┌─ GIVEN ENTRIES

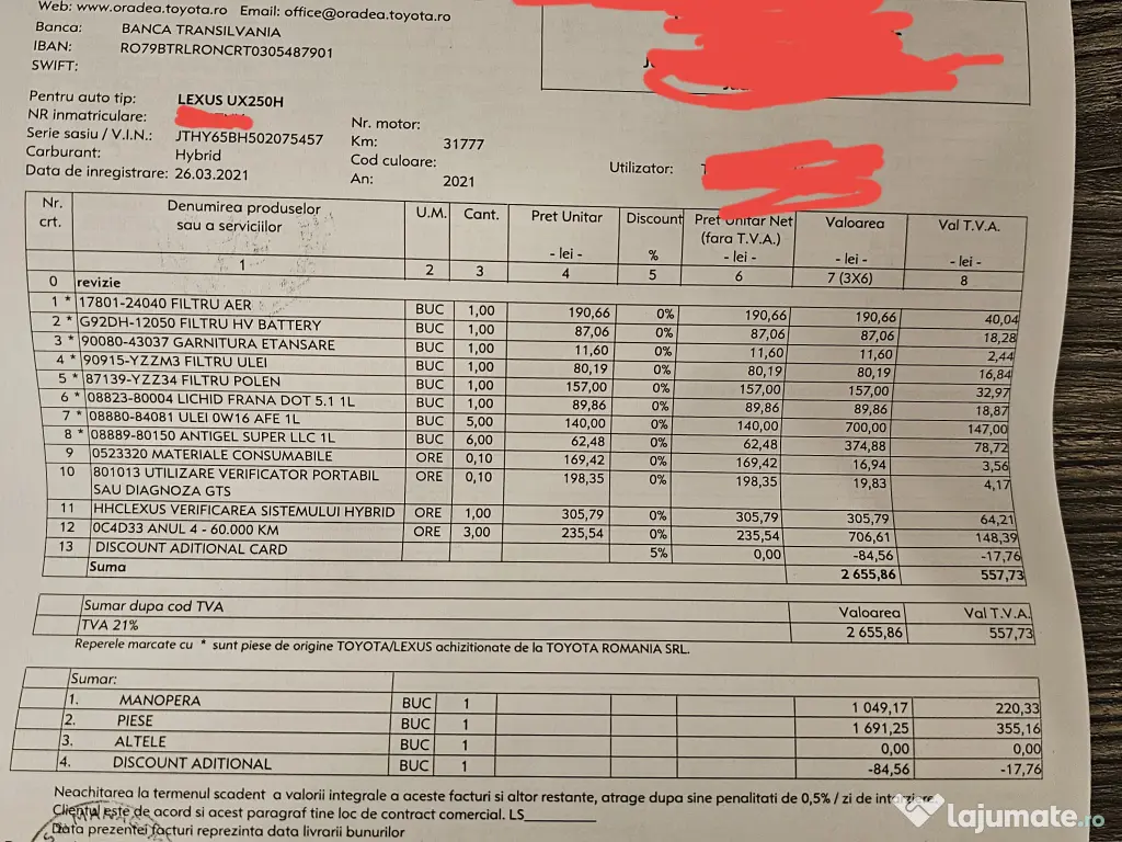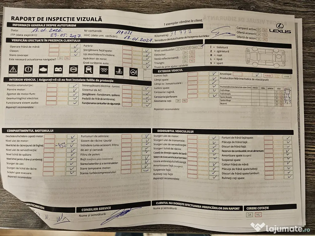 LEXUS 250h Luxury Line Mark Levinson, dotari maxime, 36000 km reali ( in crestere)! VIN: JTHY65BH502075457 -Inmatriculata -Tara de origine: Germania -Prima inmatriculare 26/03/2021 -Culoare metalizata: Atomic Silver -GARANTIE 10 ani prin programul Toyota Relax :- Pe autoturism pana in 2031 sau la limita a 200.000 km - Pe baterie si sistemul hibrid pana in 2031 sau la limita a 200.000 km -Este in stare impecabila, ca noua! -Reviziile au fost efectuate numai în reprezentanta Lexus, detin tot istoricul masini cu toate reviziile. Ultima revizie a fost efectuata in data de 13.01.2026 la 31.777 km. -Accept orice test sau verificare! Se poate verifica pe CarVertical, are istoric curat fara nici o dauna! Dotari: - Geamuri fata dublu laminate -Alarma montata din fabrica -Sistem Audio permium Mark Levinson cu 13 difuzoare -Purificator de aer Nanoe X -Climatizare Lexus Sense, simte si adapteaza temperatura ambientala, in plus adapteaza automat incalzirea/ventilatia din scaune si volan. -Lexus Paint Protection, autoreparare zgarieturi fine, protectie ce dureaza 5-8 ani -Cameră 360°, -Trapă glisantă/rabatabilă din sticlă acționată electric -Scaune: scaune ventilate pentru șofer și pasagerul față, reglare electrică a scaunelor pentru șofer și pasagerul față (pe 8 direcții), funcție de memorie pentru scaunul șoferului -Oglinzi exterioare rabatabile automat cu asistență la vizualizarea în bordură și funcție de memorie -Sistem de alarmă antifurt cu monitorizare interioară -Afișaj head-up -Cameră video pentru marșarier, -Hayon cu descidere electrica, -ISOFIX pentru scaunul de copii -Climatizare automată -Incarcator cu inductie pentru smartphone, -Volan reglat electric cu memorie - Doua chei + o cheie tip card Lexus -Asistență la parcare Lexus cu asistență la frânare - Sistem de siguranță Lexus+ -Navigație: sistem de navigație Lexus cu harta UE + Romania -Faruri: Matrix LED, autoadaptive, faza lunga automata si adaptiva cu functie de antiorbire -Monitorizare unghi mort (BSM) cu (RCTA) asistent la schimbarea benzii -Airbag: dezactivare airbag pasager, airbag: airbag frontal, pentru genunchi și lateral - Ceas analogic -Sistem antiblocare (ABS) -Control al tracțiunii (TRC) -Oglinzi exterioare încălzite, acționate electric, rabatabile electric si cu fuctie antiorbire -Asistență la pornirea în rampă -Semnalizatoare LED și stopuri LED -Sine de plafon din aluminiu -Inserții decorative cu design Washi (hârtie japoneză) -E-Call, sistem automat de apel de urgență -Mod EV (mod vehicul electric) -Manere guri de ventilatie iluminate (disponibile doar pe varianta Luxury) -Iluminare acces a manerelor de la usi -Sistem de iluminare acces pentru interior a spațiului pentru picioare -Praguri uși Inscripție Lexus din aluminiu -Distribuție electronică a forței de frânare (EBD) -Selector mod de condus (ECO, NORMAL, SPORT) -Cutie de viteza: E-CVT, automată, variabilă continua -Sistem de avertizare centură de siguranță, vizual și sonor -Ștergător lunetă -Eleron spate -Oglindă retrovizoare cu reglaj antiorbire -Tetiere reglabile pe înălțime -Vopsea metalizata -Volan din piele, design cu 3 spițe, încălzit cu reglaj electric si memorie -Jante din aliaj de 18 inch cu 5 spițe -Keyless entry si Keyless Go -Cotieră centrală față cu compartiment de depozitare integrat -Afișaj multifuncțional de 10,3 inch -Proiectoare de ceață cu funcție de virare, Lampă de ceață spate, LED -Frână de mana electromecanică -Radio: recepție radio analogică și digitală -Accesorii radio: Interfață Bluetooth -Senzor de ploaie -Senzori lumini -Sistem de monitorizare a presiunii în anvelope (TPWS) -Scaune spate rabatabile divizate (60:40) -Servodirecție electronică (EPS) -Siguranță: Pretensionatoare centuri de siguranță față/spate -Centuri de siguranță automate în 3 puncte, -Scaune: Suport lombar electric (față), -Scaune: Tapițerie din piele -Scaune: Scaune față încălzite -Controlul stabilității vehiculului (VSC) -Selector de viteze din piele -Închidere centralizată -Priză de alimentare accesorii 12V -Priza USB Confort: -Afișaj head-up -Cameră video marșarier -Hayon acționat electric -Control climatic automat dublu -Incarcator inductie pentru smartphone--Card Lexus Key -Sistem audio premium Mark Levinson -Asistență inteligentă la parcare Lexus -Sistem de navigație Lexus -Scaune din piele -Scaune ventilate și încălzite -Scaune reglabile electric cu memorie -Volan incalzit Siguranță: -Sistem de siguranță Lexus+ -Senzor de ploaie -Asistență unghi mort -Faruri Matrix LED -ISOFIX -camere video 360° -Sistem de apel de urgență eCall
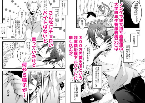 大学四年生のノンケの男子大学生、菅原春樹は学生最後の夏、彼女の誕生日祝いと思い出作りの旅行のバリ島に行くために報酬300万円の高額治験アルバイトへ申し込む
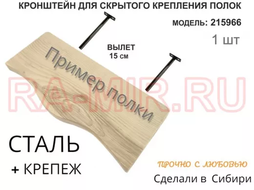 Заказать звонокКронштейн для скрытого крепления полок,12х150мм, черный, в наборе 1шт "SVORKAMAX-215966" без полки
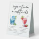This chic beach signature mocktails table tent sign features simple black typography above 2 seaside drinks and their ingredients for your coastal party. A cute Blue Hawaiian sunrise drink and non-alcoholic Strawberry Daiquiri drawing add a cool flair to your bar menu. Complete with the couple's names and date for their reception.
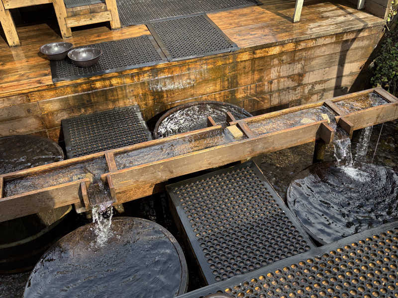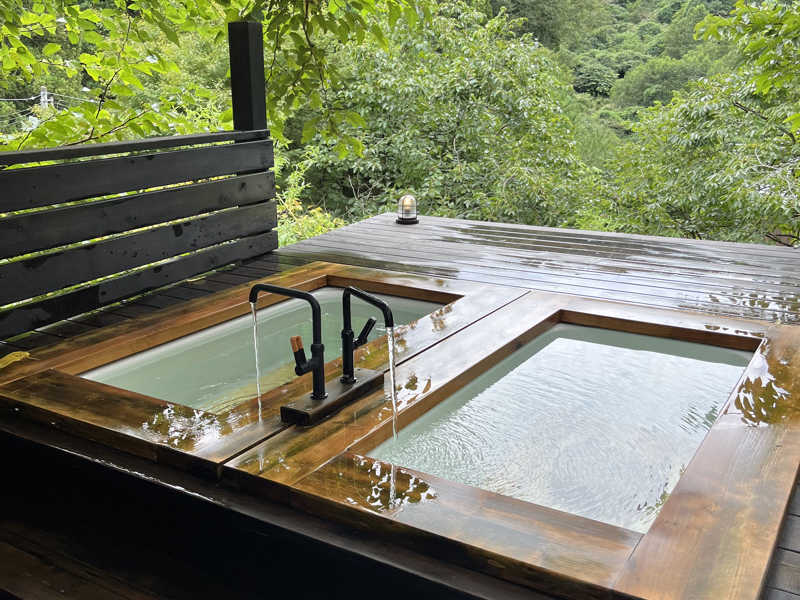 自然の景観と桶タイプの水風呂、サウナのバランスが非常に良かった! 飲めるシャワーが涼しげで夏には持ってこいでした!

└─

WHAT THE TASK ASKS: After locating "大学四年生のノンケの男子大学" and "Заказать звонокКронштейн для" in the records above, return exactly the line holding each one and every line between them; leave out the pictures.

RESULT OF THE TASK:
 大学四年生のノンケの男子大学生、菅原春樹は学生最後の夏、彼女の誕生日祝いと思い出作りの旅行のバリ島に行くために報酬300万円の高額治験アルバイトへ申し込む
 Заказать звонокКронштейн для скрытого крепления полок,12х150мм, черный, в наборе 1шт "SVORKAMAX-215966" без полки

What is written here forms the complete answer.